TASK INSTRUCTIONS → Retype the records below exactly as they stand, but with no images.

Source data
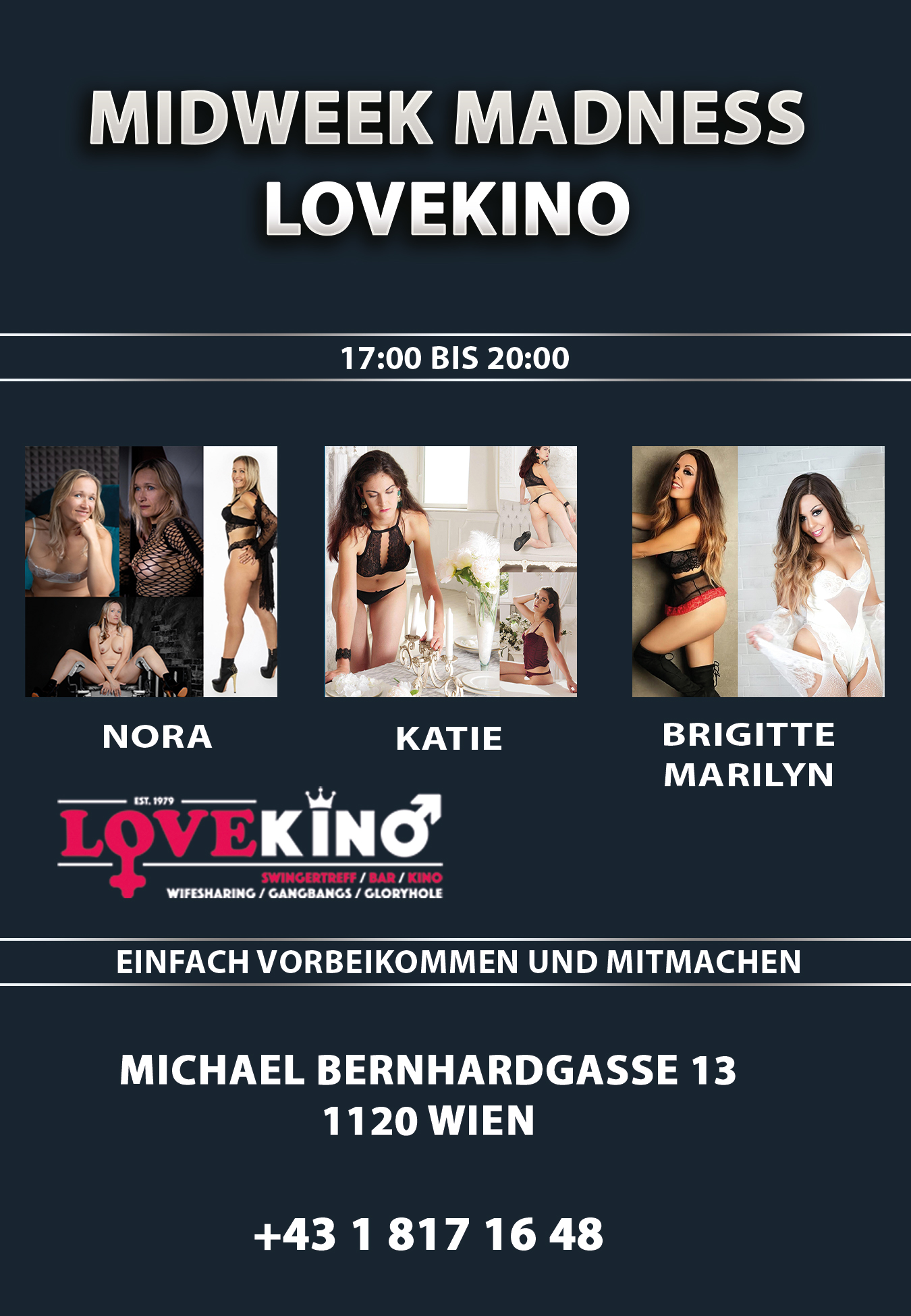 MITTWOCH - “Midweek Madness” Heute mit dabei sind: Eventbeschreibung: Mittwochabend – Zeit, den Kopf auszuschalten und den Körper entscheiden zu lassen. Midweek Madness im Lovekino ist der Treffpunkt für alle, die sich nicht mit Routine zufriedengeben. Denn Leidenschaft ist nicht nur ein Thema fürs Wochenende! 🔹 Getränkepauschale: regulär Gold-Member oder Online Anmeldung zum Termin Zugang zu allen Clubbereichen (kleines “Kino”, Gloryhole, Milking Table, The Round Room) Softdrinks & Kaffee, Music & Hardcore-Movies, Handtücher & Hygieneartikel Zielgruppe: Menschen mit Stil und Lust auf Mehr  Genießer, Entdecker und Grenzgänger reduzierte Anzahl an weiblichen Stammgästen Früh anmelden & Vorteile sichern! 📅 Melde dich mindestens 1 Tag vor dem Event an und erhalte 10 € Rabatt auf die Getränke-Pauschale Nutze diese Gelegenheit - früh anmelden lohnt sich! Zur Anmeldung bitte unten ausfüllen und absenden:  Hinweis für unsere Events:Damit wir besser planen können und alle Teilnehmer ein tolles Erlebnis haben, bitten wir euch, nur dann eine Anmeldung vorzunehmen, wenn ihr sicher teilnehmen könnt.Bei wiederholten Nichterscheinen ohne Absage können leider keine Vorteile (z. B. Rabatte oder Sonderaktionen) mehr gewährt werden. Vielen Dank für euer Verständnis und eure Fairness! ❤️ ⚠️ Hinweis: Das Lovekino wird nicht als Prostitutionslokal geführt. Alle Begegnungen erfolgen freiwillig und ausschließlich auf privater Basis zwischen […]
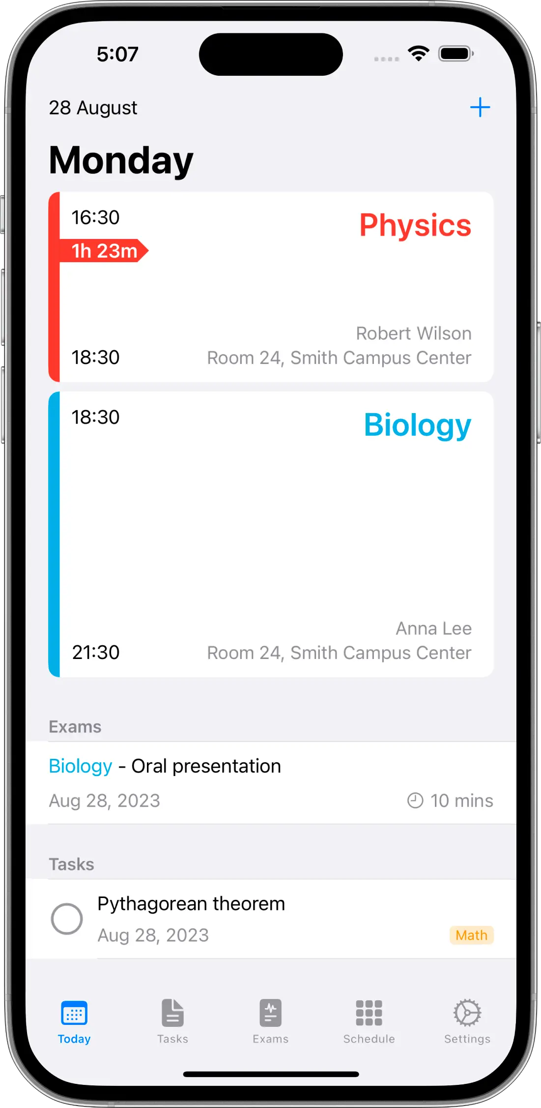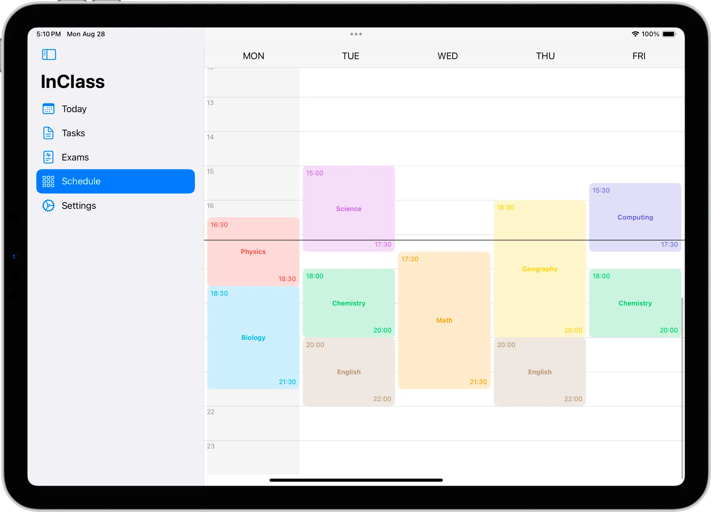 Personalize subjects with times, locations and teachers. Manage your academic calendar, assignments, and exams all in one place. Easily view daily classes and plan ahead with an intuitive interface.
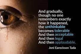 One of my favorite authors, Joni Eareckson Tada relates, “Though gradually, though no one remembers exactly how it happened, the unthinkable becomes tolerable. And then acceptable. And then legal. And then applaudable.”
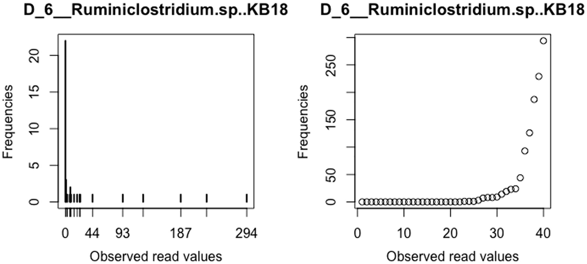 A graph and a scatterplot of D underscore 6 underscore Ruminiclostridium dot s p, K B 18 plots frequencies versus observed read values. The graph displays a decreasing trend and the scatterplot has an increasing trend.
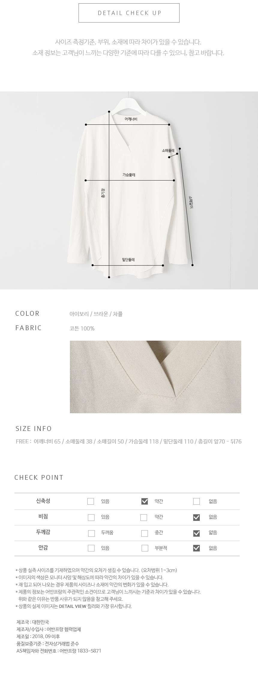 코튼 100%의 소재감이 가볍고 부드러워
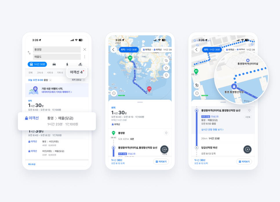 앞으로 네이버 지도에서 여객선 운항 경로, 시간표 등을 실시간으로 확인할 수 있다.
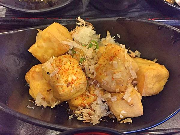 雪山豆腐,豆腐外層裹粉挺薄的,所以口感微酥。而豆腐本體沒什麼味道,需要淋醬的加持才會變得好吃,整體來說很普通。
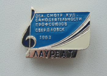Значок Областной смотр художественной самодеятельности профсоюзов Свердловск 1963. Лауреат
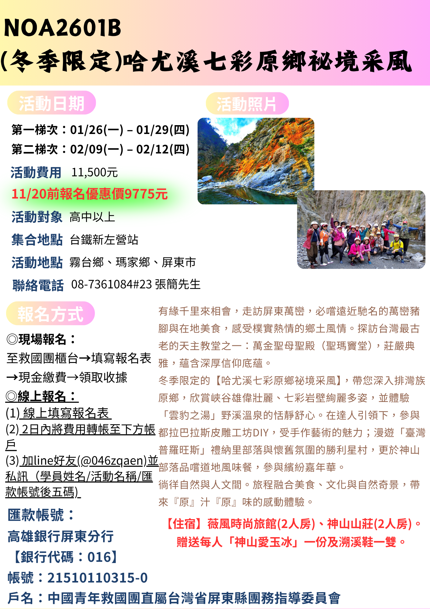 115年屏東縣救國團冬令營:NOA2601B【冬季限定】哈尤溪七彩原鄉祕境采風
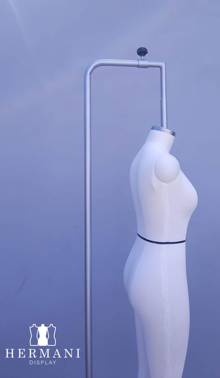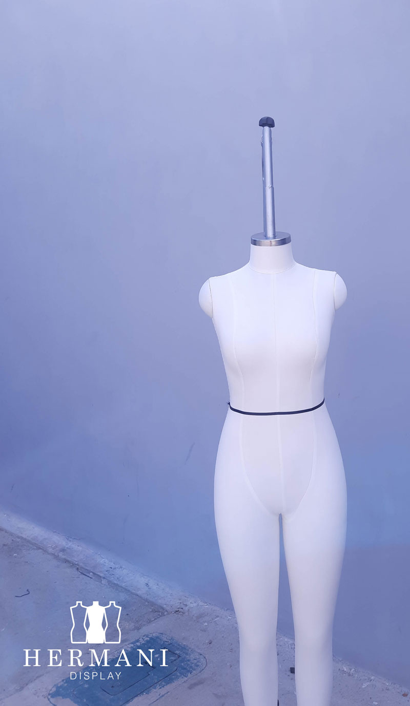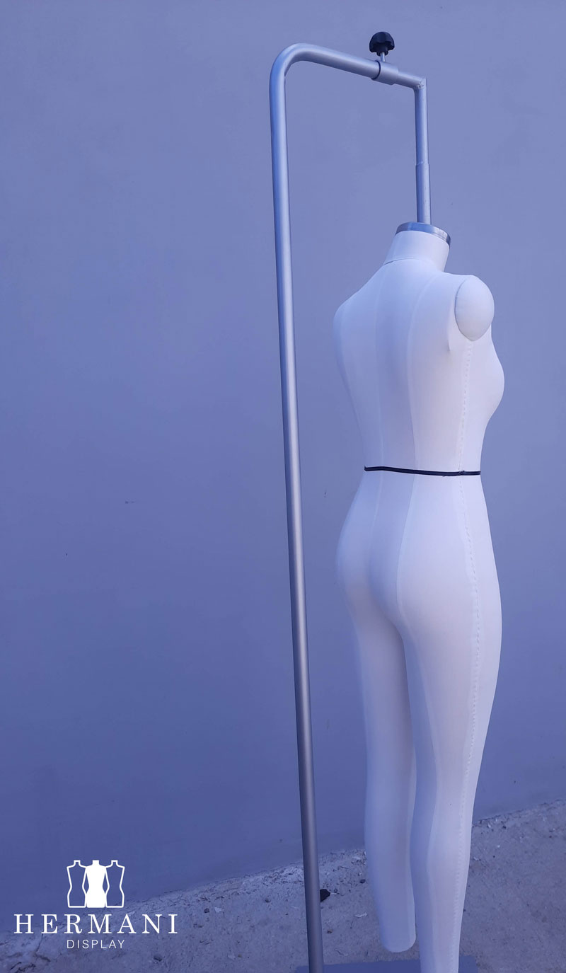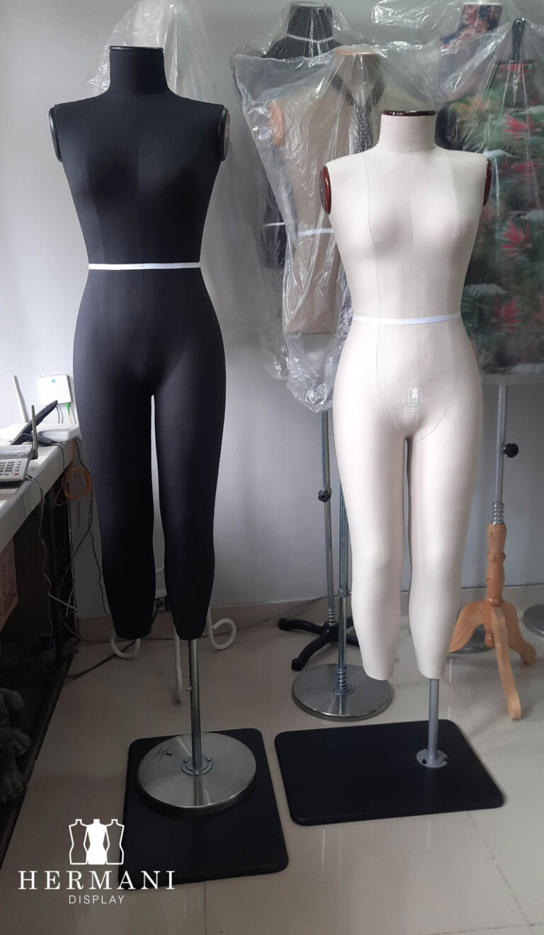 Maniquíes industriales con piernas largas y brazos: Tapizados en espuma y forrados en tela dril negro o beige, con o sin cintas de marcación, tapas decorativas en madera para hombros y cuello.

OUTPUT OF THE TASK →
 MITTWOCH - “Midweek Madness” Heute mit dabei sind: Eventbeschreibung: Mittwochabend – Zeit, den Kopf auszuschalten und den Körper entscheiden zu lassen. Midweek Madness im Lovekino ist der Treffpunkt für alle, die sich nicht mit Routine zufriedengeben. Denn Leidenschaft ist nicht nur ein Thema fürs Wochenende! 🔹 Getränkepauschale: regulär Gold-Member oder Online Anmeldung zum Termin Zugang zu allen Clubbereichen (kleines “Kino”, Gloryhole, Milking Table, The Round Room) Softdrinks & Kaffee, Music & Hardcore-Movies, Handtücher & Hygieneartikel Zielgruppe: Menschen mit Stil und Lust auf Mehr  Genießer, Entdecker und Grenzgänger reduzierte Anzahl an weiblichen Stammgästen Früh anmelden & Vorteile sichern! 📅 Melde dich mindestens 1 Tag vor dem Event an und erhalte 10 € Rabatt auf die Getränke-Pauschale Nutze diese Gelegenheit - früh anmelden lohnt sich! Zur Anmeldung bitte unten ausfüllen und absenden:  Hinweis für unsere Events:Damit wir besser planen können und alle Teilnehmer ein tolles Erlebnis haben, bitten wir euch, nur dann eine Anmeldung vorzunehmen, wenn ihr sicher teilnehmen könnt.Bei wiederholten Nichterscheinen ohne Absage können leider keine Vorteile (z. B. Rabatte oder Sonderaktionen) mehr gewährt werden. Vielen Dank für euer Verständnis und eure Fairness! ❤️ ⚠️ Hinweis: Das Lovekino wird nicht als Prostitutionslokal geführt. Alle Begegnungen erfolgen freiwillig und ausschließlich auf privater Basis zwischen […]
 Personalize subjects with times, locations and teachers. Manage your academic calendar, assignments, and exams all in one place. Easily view daily classes and plan ahead with an intuitive interface.
 One of my favorite authors, Joni Eareckson Tada relates, “Though gradually, though no one remembers exactly how it happened, the unthinkable becomes tolerable. And then acceptable. And then legal. And then applaudable.”
 A graph and a scatterplot of D underscore 6 underscore Ruminiclostridium dot s p, K B 18 plots frequencies versus observed read values. The graph displays a decreasing trend and the scatterplot has an increasing trend.
 코튼 100%의 소재감이 가볍고 부드러워
 앞으로 네이버 지도에서 여객선 운항 경로, 시간표 등을 실시간으로 확인할 수 있다.
 雪山豆腐,豆腐外層裹粉挺薄的,所以口感微酥。而豆腐本體沒什麼味道,需要淋醬的加持才會變得好吃,整體來說很普通。
Значок Областной смотр художественной самодеятельности профсоюзов Свердловск 1963. Лауреат
 115年屏東縣救國團冬令營:NOA2601B【冬季限定】哈尤溪七彩原鄉祕境采風
 Maniquíes industriales con piernas largas y brazos: Tapizados en espuma y forrados en tela dril negro o beige, con o sin cintas de marcación, tapas decorativas en madera para hombros y cuello.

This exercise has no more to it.